Through intermediaries Dieter arranged the purchase of a small house for him in Lugar da Barra do Rio Negro, or Manaós, the city of the forest, where the wild tropical trees would be waiting for him. The house and a modest monthly sum of money were all he could do for this child he had long ago foretold, under the silver maple in Lavinia’s park, would be a man of the trees.
• • •
In Amazonia, Charley discovered himself as nothing. What he did was nothing. He saw the rampant growth of vine, shoot, sprout, seedling, moist and dripping, swollen and bursting with vigor. He vividly, and without regret, remembered raping Caroline. The forest sounded with the constant patter and thump as leaves, twigs, petals and fruits, branches and weak old trees succumbed to gravity. When the storm wind called friagem generated by the Antarctic came, the noise increased, a bombardment of tree parts and fruits mixed with the hissing of the wind in the canopy.

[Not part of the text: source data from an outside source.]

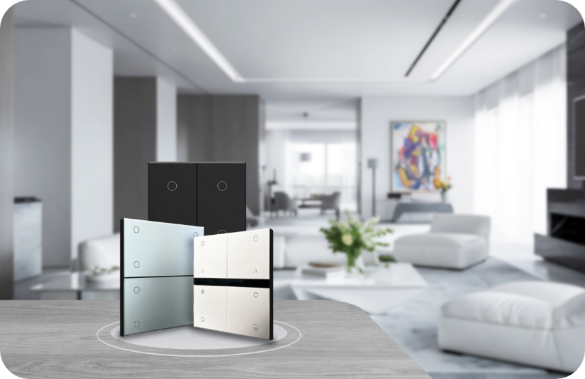 The Fashion Series offers compact functionality tailored for modern spaces. This AC-powered 4-button Bluetooth-enabled switch provides personalized lighting and scene control, making it an ideal addition to any smart lighting setup.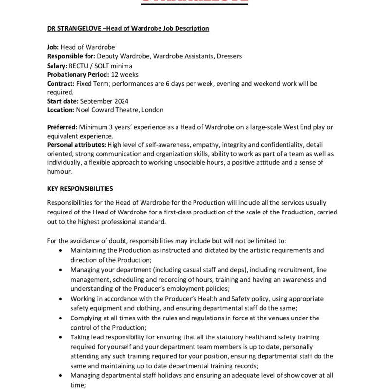 HOD Wardrobe Job Description- Dr Strangelove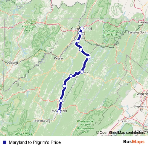The first stop of the Maryland to Pilgrim's Pride bus route is Roses Discount Store, call (304) 257-1414 for a 3/4 mile deviation and the last stop is Moorefield Pilgrim's Pride. Maryland to Pilgrim's Pride (Maryland to Pilgrim's Pride) is operational during todos los días.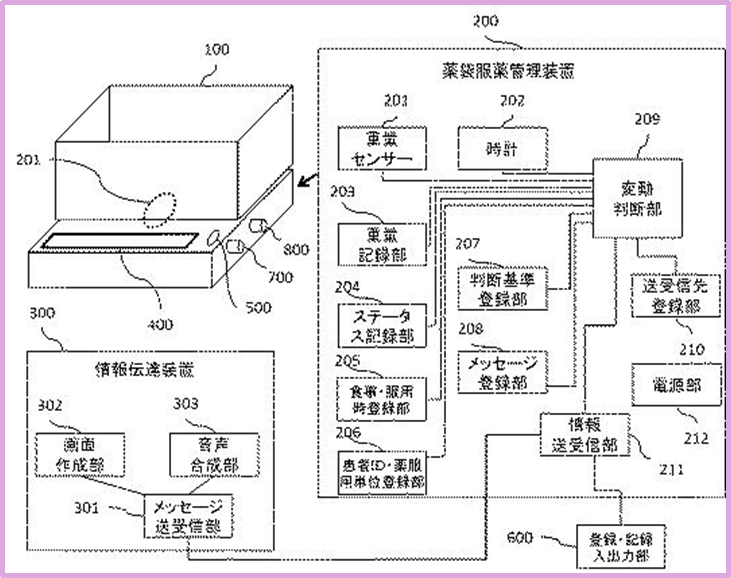 【解決手段】 薬袋服用管理装置200は、重量センサー201による薬箱の重量変動と時計202によるタイムスタンプを受信する変動判断部209と、食事・服用時登録部205と、患者ID・薬服用単位登録部206と、判断基準登録部207に基づき薬の飲み忘れ又は一部飲み忘れがあるか否かを判断し、薬の飲み忘れ又は一部飲み忘れがあると判断された場合にそのメッセージを患者に伝達する情報伝達装置300を備える。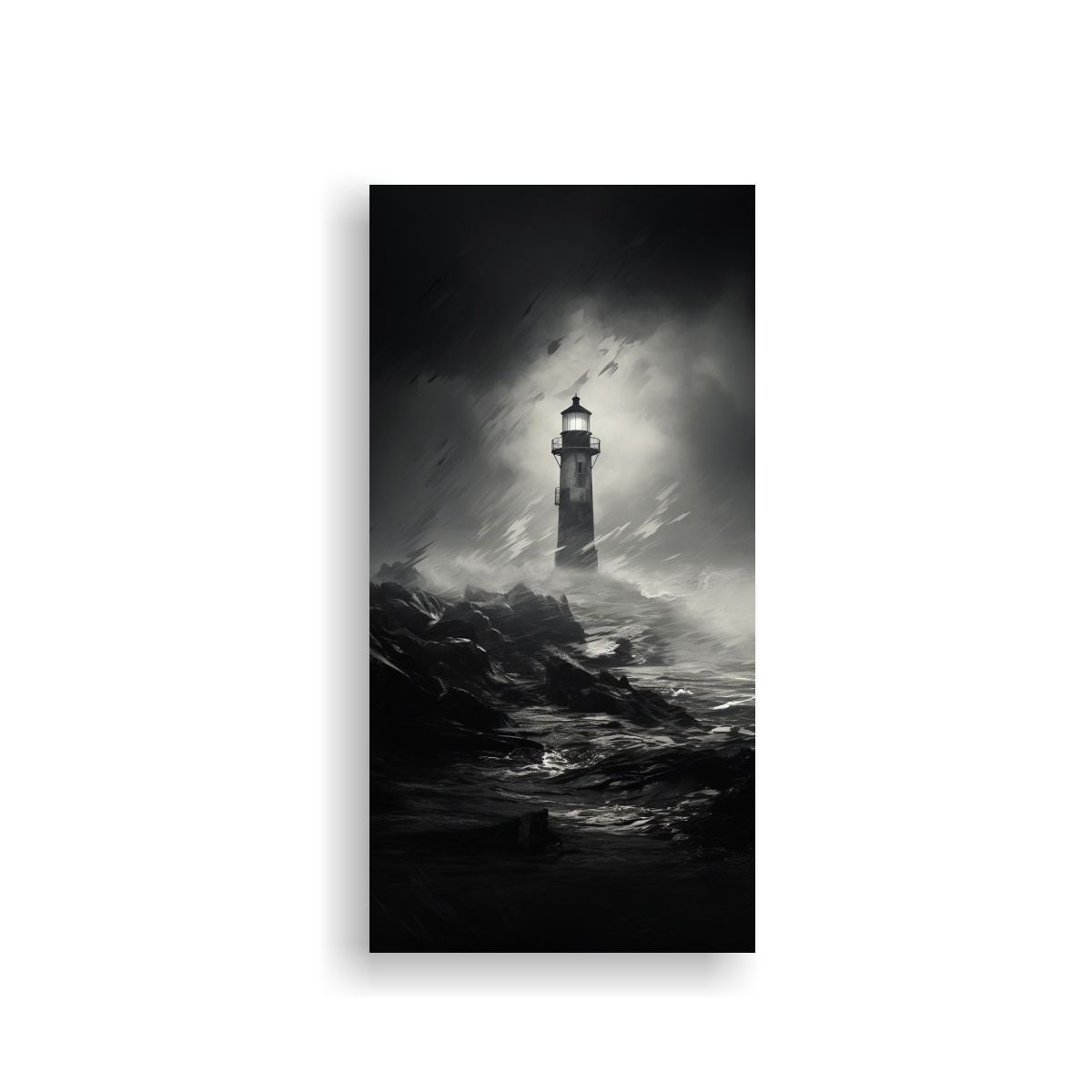 DecoCuadros presenta el cuadro ‘Soledad resonante de un viejo faro en un paisaje luminoso’, con una combinación de colores plateado, negro, gris y azul marino grisáceo Diseño exclusivo de nuestra tienda Añade un toque de elegancia y misterio a tu espacio con este cuadro de alta calidad Entregas rápidas y gratis en Santiago
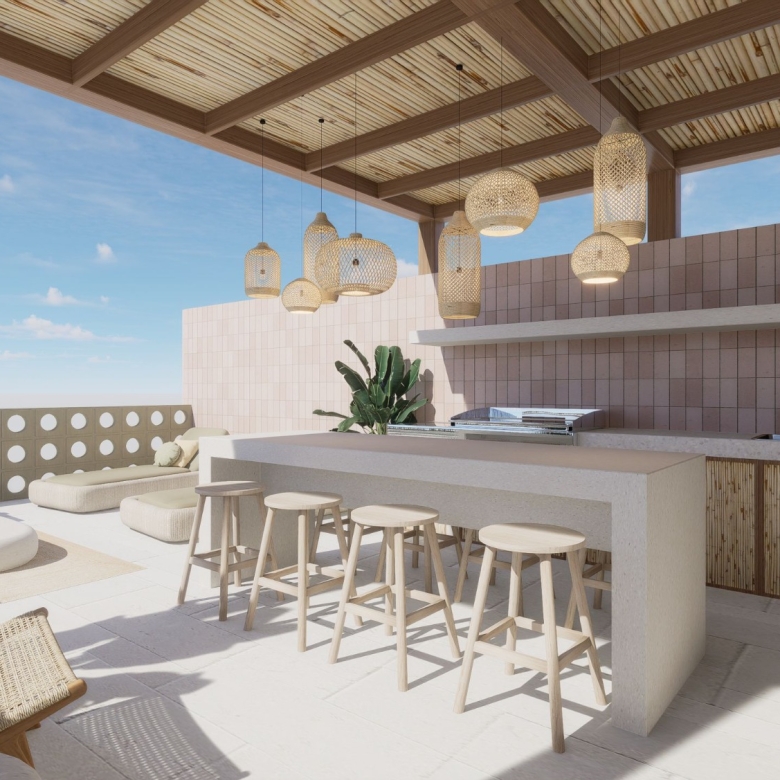 The villa’s three-floor design maximizes the space and allows for stunning views from the rooftop entertainment area. Equipped with a BBQ area, this rooftop space is perfect for hosting gatherings or simply enjoying Bali’s tropical evenings.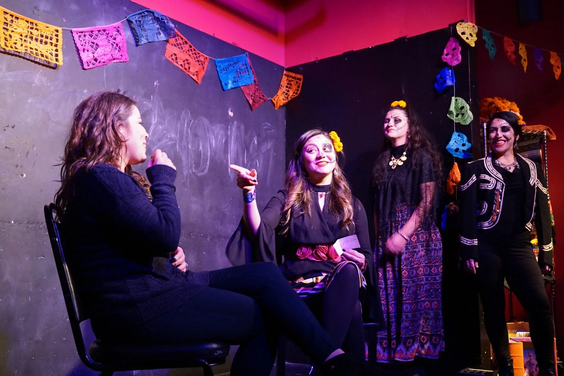 Our Día De Los Muertos experience combines the wonder of sketch comedy and improv in a show that explores global grief through the lens of comedy, rituals, and ancestry.This enchanting theatrical event celebrates, educates, uplifts, and honors the memory of the dearly departed through interactive community art as offering.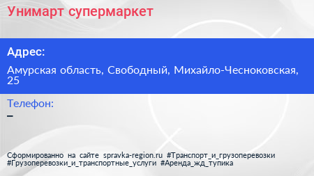 Унимарт, супермаркет по адресу Амурская область, Свободный, Михайло-Чесноковская, 25 в дальнейшем Организация, размещена в следующих категориях:
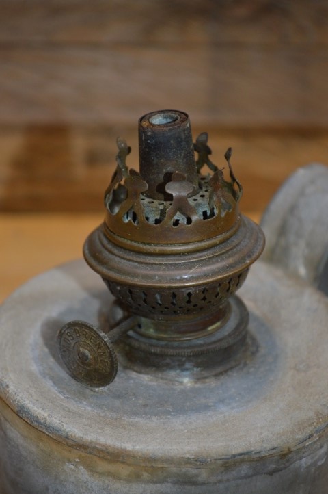 Door het vele gebruik heeft deze olielamp gebruikssporen opgelopen.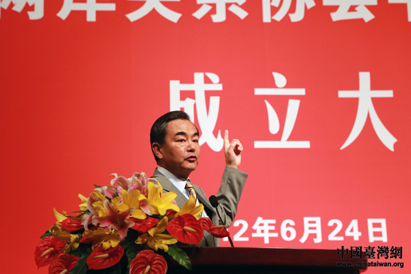 6月24日上午,海峽兩岸關(guān)系協(xié)會書畫交流分會成立大會在北京釣魚臺國賓館舉行。圖為中共中央臺辦、國務(wù)院臺辦主任王毅在成立大會上致辭。(中國臺灣網(wǎng) 于斯文 攝)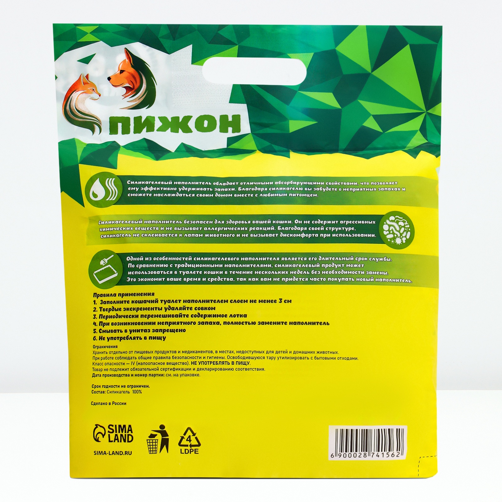 Безопасность для здоровья. Силикагелевый наполнитель изготовлен из природных материалов, что делает его безопасным для здоровья вашего питомца. Он не содержит пыли и химических добавок, что особенно важно для кошек с аллергиями или чувствительными дыхательными путями.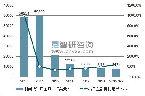 2013-2019年9月中國(guó)新聞紙出口金額趨勢(shì)圖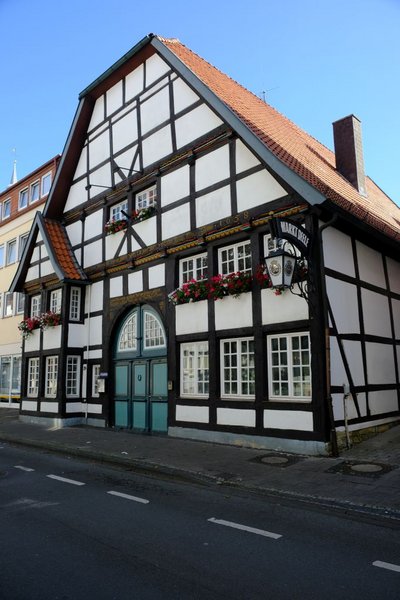 1580/90 entstandener Fachwerkbau. Die Balkenkopfschnitzereien am Übergang erstes/zweites Geschoß wurden später hinzugefügt (1890)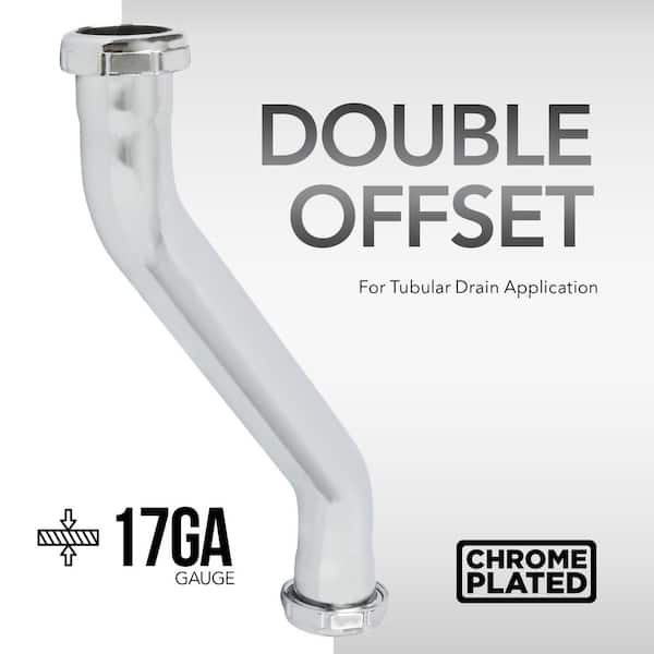1-1/4 in. x 12 in. Chrome Plated Brass Double Offset for Tubular Drain Applications, 17GA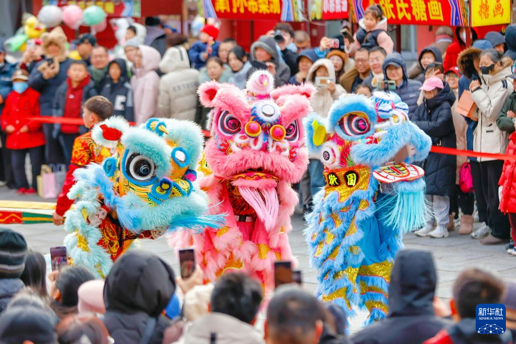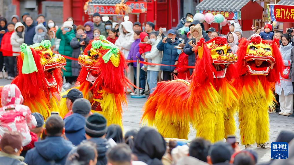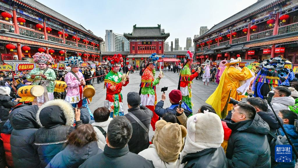 2月15日,游客在天津古文化街观看民俗表演。新华社发(杜鹏辉摄)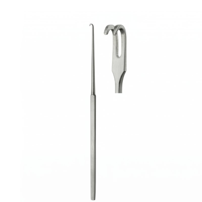 Latch hook ensures secure tissue retraction. Slender handle allows precise control. Durable stainless steel construction.
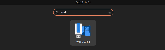 方法 1: 使用图形用户界面化的 WoeUSB 来创建一个可启动的 Windows USB(推荐)从 活动概述activity overview 或菜单中打电脑开 woeusb-gui 。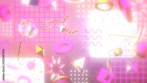 紗がかかった幾何学模様やテラゾー柄が並ぶオシャレな3DCG - ピンク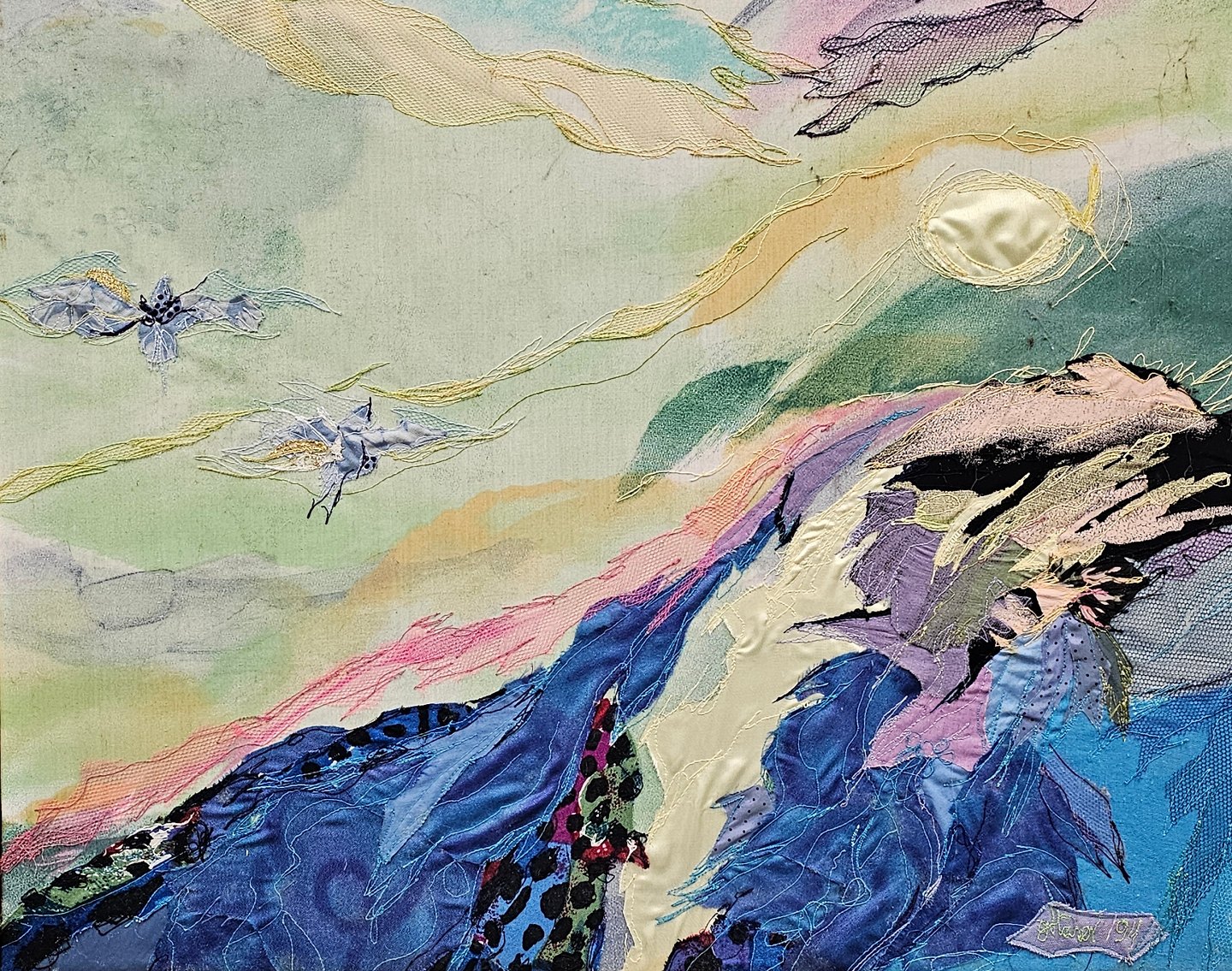 Billede lavet af stof, med abstrakt motiv af fugle.

Decomposition seemed as violent — the collapse of leaf structures, cells breaking down, liquefaction of solid wood into a mold squirming with lively bacteria and animalcula seething and transforming into energy. Yes, and insects and larvae, worms and rodents and everywhere the famous ants who ruled the tropics. He almost understood how the incomprehensible richness of Amazonia made humans clutch and rend in maenadic frenzies of destruction. Such a forest was an affront, standing there smirking, aloof from its destiny of improving men’s lives.
Charley was slow in learning Portuguese. His first sentence was “ Você fala inglês? — do you speak English?” But the answer was so often “I don’t understand— não compreendo ” that he struggled to master some useful words. In his first week in Manaós, making long walks around and through the town, he discovered a Portuguese paper goods shop, a livraria, that sold imported notebooks with fine French paper. He bought several.